TheCorporateCounsel.net

September 1, 2004

Another Breeden Report The 500+

The 500+ Breeden Report regarding Hollinger International was filed yesterday on a 8-K – and makes very interesting reading! “Summer drinks” that cost $24, 950! What was in those drinks?

As the NY Times and other major business publications explore at length today, the role of each director is closely dissected in the report (e.g. Mr. Perle admitted that he never understood the underlying transactions before signing off on them).
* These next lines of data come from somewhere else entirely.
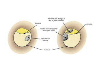 La otitis media crónica es un proceso inflamatorio del oído medio de curso lento con tendencia a persistir y dejar secuelas. Puede ser supurada con perforación timpánica o no supurada con tímpano intacto. Los principales gérmenes implicados son Pseudomonas aeruginosa, Proteus mirabilis y Staphylococcus aureus. Los síntomas incluyen otorrea, hipoacusia y dolor. El diagnóstico se realiza mediante otoscopia, tac de oídos y audiometría. El tratamiento consiste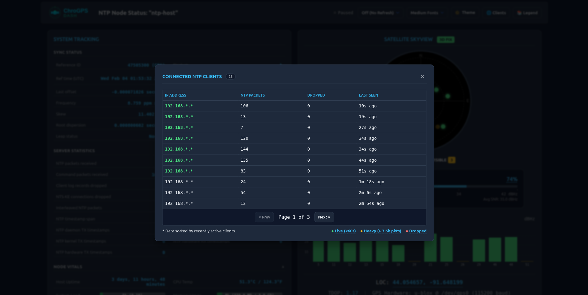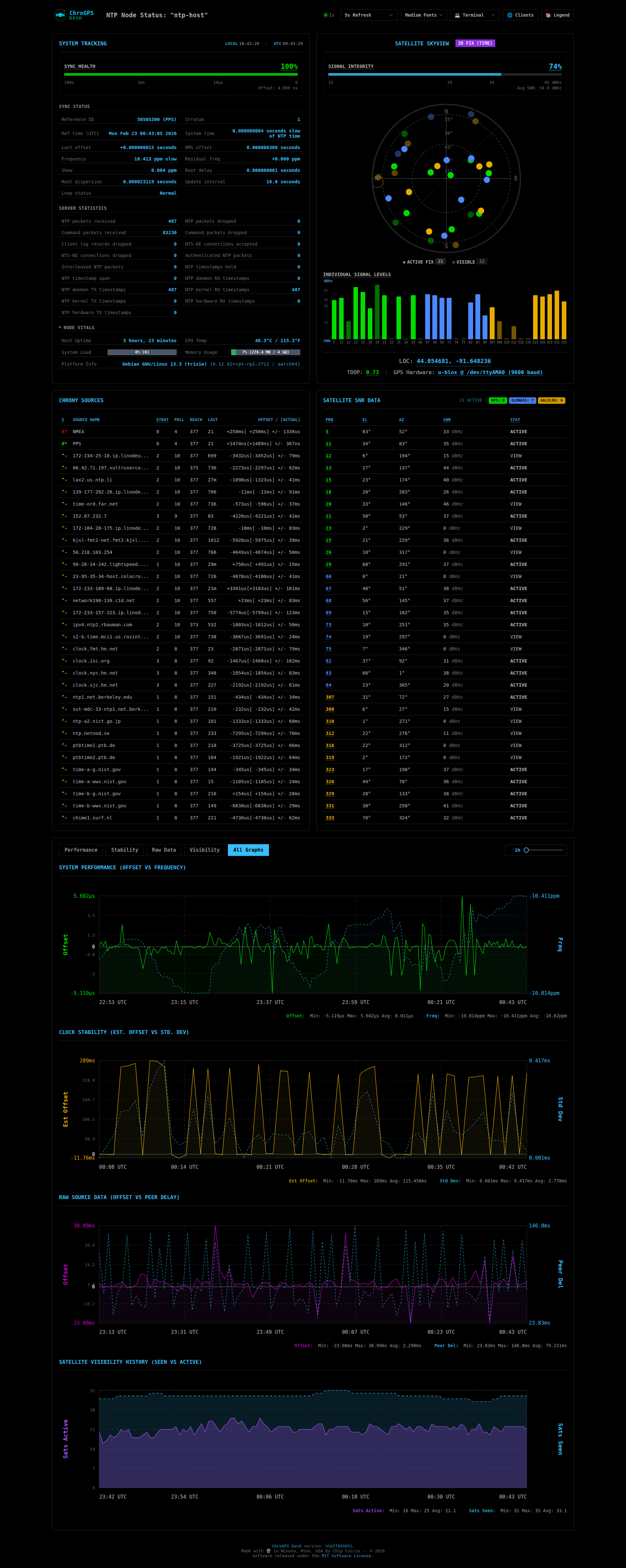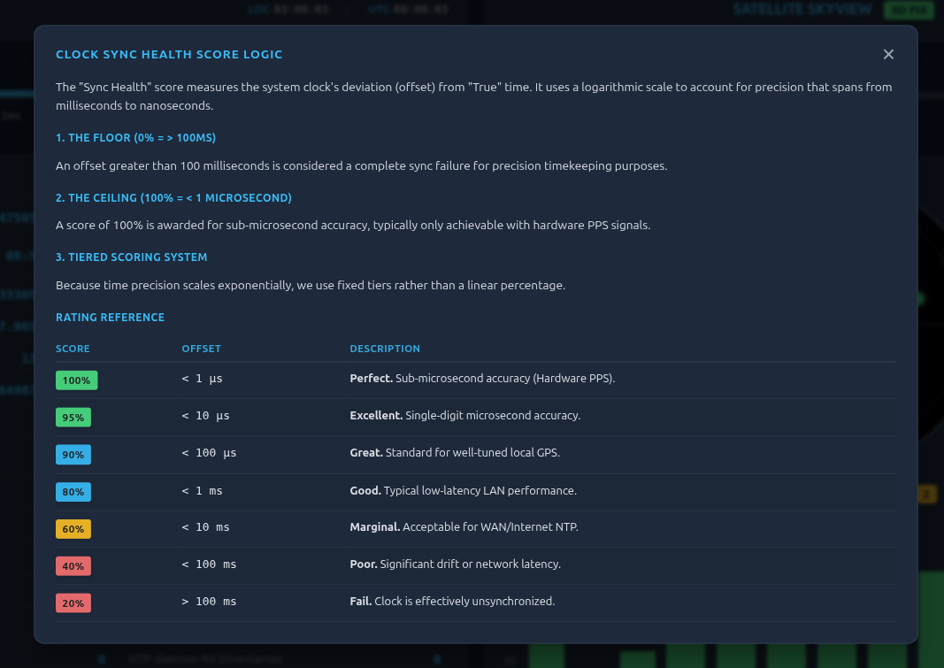- Real-Time Telemetry: Live updates for Chrony sources, system tracking, and GPS satellite status.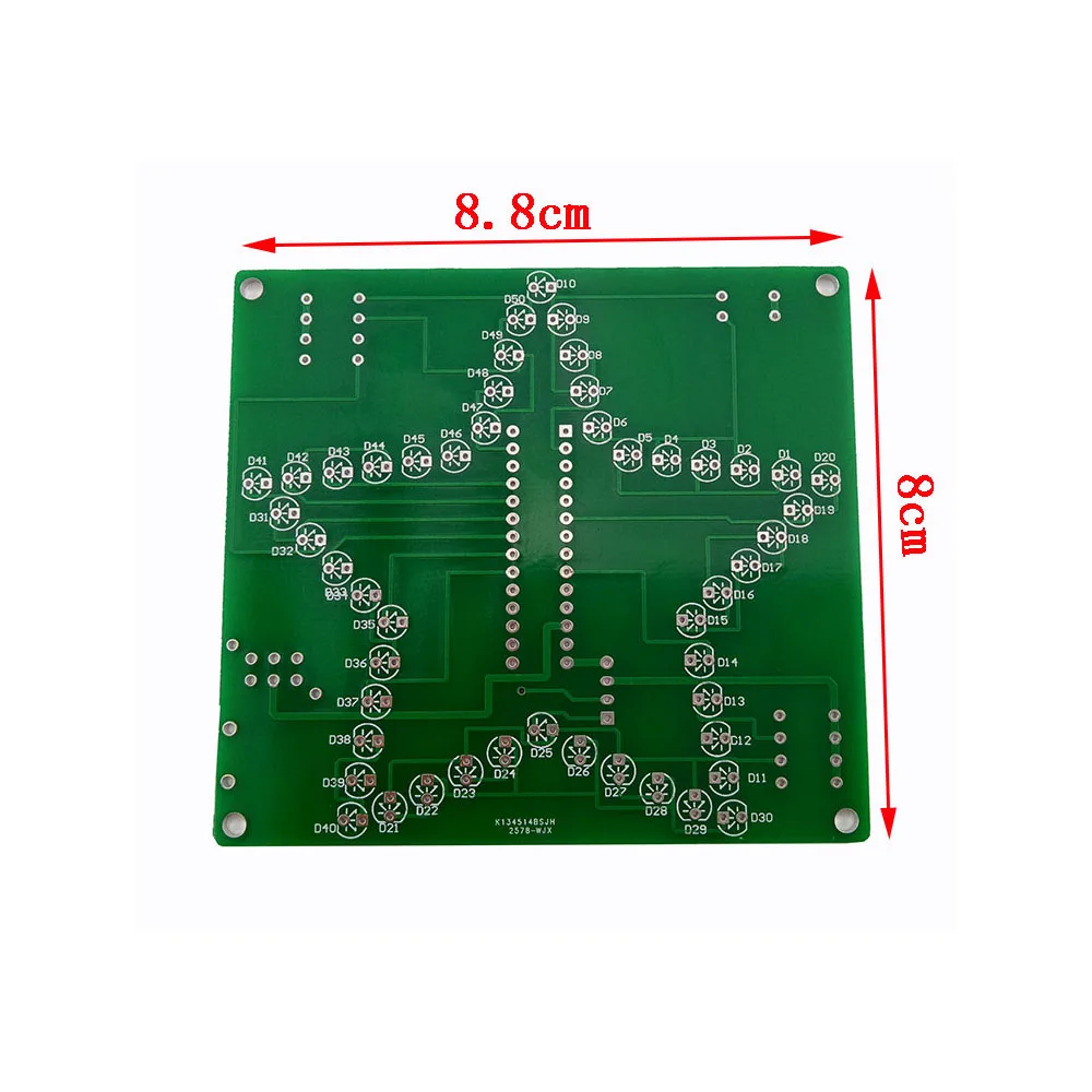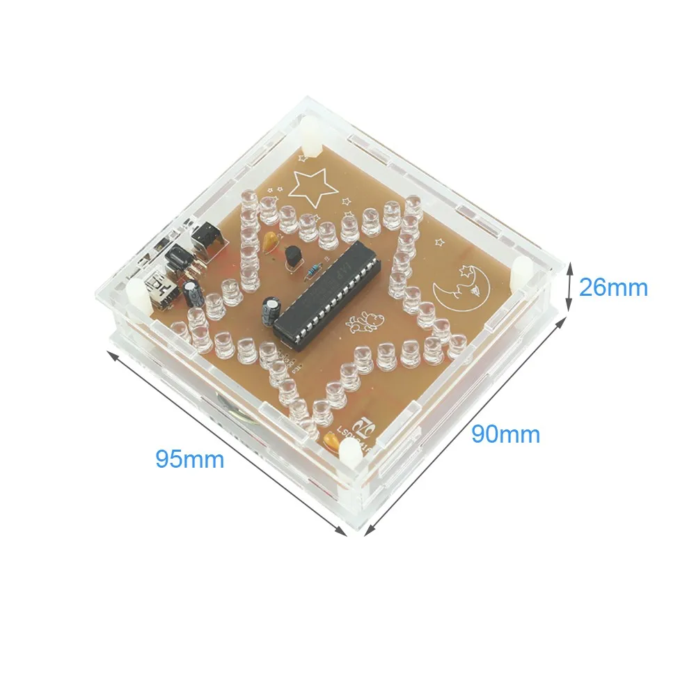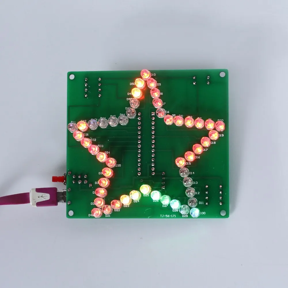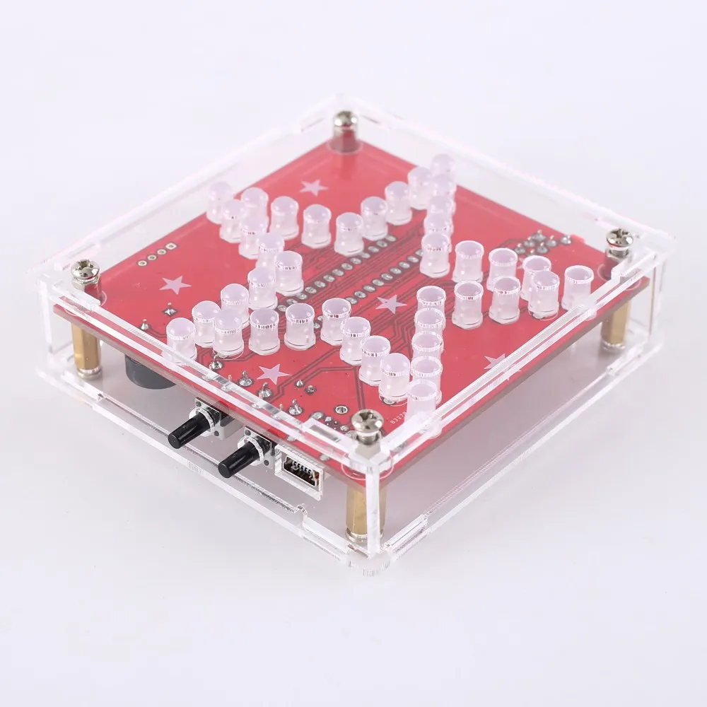 1.Introduction: It is a RGB LED pentagram DIY kit that you need to weld and assemble by yourself. The bottom plate comprises a circuit board and component parts. A variety of cool model showing a three-dimensional effect. It's better to watch in the night. The chip has its own voice file. Users can also insert the TF card and play the voice file inside the TF card. 2.Feature: 1>.Built-in voice file 2>.Built-in amplifier 3>.Support TF card 4>.Acrylic transparent shell 5>.RGB LED light color changes automatically 3.Parameter: 1>.Work Voltage:DC 5V 2>.Work Current:130mA 3>.Speaker:2W 8ohm 4>.Support TF card:32G(Max) 5>.Support music format:MAV 6>.Work Temperature:-40℃~85℃ 7>.Work Humidity:0%~95%RH 8>.Size(Installed):60*45*12mm 4.Application: 1>.Training welding skills 2>.Student school 3>.DIY production 4>.Project Design 5>.Electronic competition 6>.Gift giving 7>.Crafts collection 8>.Home decoration 9>.Souvenir collection 5.Installation Tips: 1>.User needs to prepare the welding tool at first. 2>.Please be patient until the installation is complete. 3>.The package is DIY kit.It need finish install by user. 4>.The soldering iron can't touch the components for a long time(1.0 second), otherwise it will damage the components. 5>.Pay attention to the positive and negative of the components. 6>.Strictly prohibit short circuit. 7>.Users can complete installation by PCB silk screen and component listing. 8>.User must install the LED according to the specified rules.Otherwise some LED will not light. 9>.Install complex components preferentially. 10>.Make sure all components are in right direction and right place. 11>.It is strongly recommended to read the installation manual before starting installation. 6.Installation Steps: Step 1: Install 1pcs 470ohm 1/6W metal film resistor at R1. Step 2: Install 1pcs Mini USB Socket at USB1. Step 3: Install 1pcs Toggle Switch at S1. Step 4: Install 1pcs DIP-28 IC Socket at U1.Pay attention to the installation direction. Step 5: Install 1pcs SOT-223 AMS1117 Voltage Converter at VR1.Note:It is mounted on the red side of the PCB. Step 6: Install 1pcs SMD TF Card Socket at M1.Note:It is mounted on the red side of the PCB. Step 7: Install 2pcs 0.1uf Monolithic Capacitor at C3 and C4. Step 8: Install 1pcs Black Button at S2. Step 9 Install 1pcs TO-92 Transistor S8050 at Q1. Step 10: Install 2pcs 100uf 16V electrolytic capacitor at C1 and C2.Pay attention to the positive and negative of the components.The longer pin is positive pin. Step 11: Install 40pcs 5mm RGB LED at D1~D40.Pay attention to the positive and negative of the components.The longer pin is positive pin. Step 12: Install 1pcs DIP-28 IAP15W413AS at U1 on IC socket.Pay attention to the installation direction. Step 13: Install 1pcs Infrared Receiver at M2.Please note whether the kit user purchased includes a remote control. User do not need to install Infrared Receiver if kits do not include a remote control. Step 14: Connect two cables on speaker.Pay attention to the positive and negative. Step 15: Connect 2W 8ohm speaker at LS1 on the red side of the PCB. Step 16: Remove the adhesive from the speaker and attach the speaker to the back of the PCB. Step 17: Install 8pcs M3*10+6mm Plastic Screw Post on PCB. Step 18: Remove the protective film from the acrylic surface. Step 19: Install the acrylic case. Step 20: Test and Application.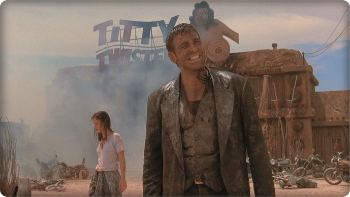 마침 모텔에 도착한 ‘제이콥 풀러‘(하비 카이텔) 목사와 딸 ‘케이트‘(줄리엣 루이스), 아들 ‘스콧‘(어니스트 리우)의 캠핑카를 강탈하며 인질로 삼습니다. 국경 검문소에서 케이트의 대담한 연기와 리치를 기절시킨 덕에 멕시코로 무사히 넘어갑니다. 황혼 무렵 그들은 세스의 동료 ‘카를로스‘(치치 마린)를 만나기 위해 ’ 티티 트위스터(Titty Twister)’라는 아즈텍풍 스트립 클럽에 도착해 술을 마시며 기다리는데, 클럽 안은 험악한 트럭 운전사들과 무희들이 가득합니다.

If your compensation committee members can’t understand the basic tally sheets that we are posting on CompensationStandards.com – they will want to hear all about them during our October 20th major compensation conference! And avoid being mentioned adversely in a report like this – not to mention the liability…

The Form N-PX’s are In!

Yesterday was the deadline for investment companies and mutual funds to disclose their voting records for the first time. These disclosures are made on Form N-PX. Over 1000 of these forms were filed during this first mutual fund “proxy season,” with Fidelity alone filing more than 130 of them. Here is a sample if you want to see what they entail,

Nasdaq Proposes Shareholder Approval Requirement Exception for Discounted Private Placements

The SEC has published a Nasdaq proposal to provide an exception from the shareholder approval requirements for purchases of the issuer’s securities by officers, directors, employees or consultants when such issuances are not made as part of a public offering and are for less than the greater of book or market value of the stock. Nasdaq is proposing to amend Rule 4350(i)(A) – and the related interpretation in IM-4350-5 – to provide this de minimis shareholder approval exception solely in these limited circumstances:

1. officers, directors, employees, or consultants are sold discounted stock as part of, or in connection with, sales to third parties, at the same price and on the same terms, and that do not involve any public offering;

2. the total number of shares sold to all such officers, directors, employees or consultants, either individually or in the aggregate, be less than five percent of the total shares to be issued in the transaction, and

3. the shares issued or to be issued in the transaction aggregated with all other discounted sales to officers, directors, employees, or consultants during the preceding 12-month period do not exceed one percent of the total shares outstanding at the beginning of the 12-month period.

Further, although not required by the proposed amendments to the text of Rule 4350(i)(1)(A), the changes to IM-4350-5 state that Nasdaq intends that the new exception will only be used in situations where third parties investing in the company require a minimum level of participation by company insiders as a condition to their investment.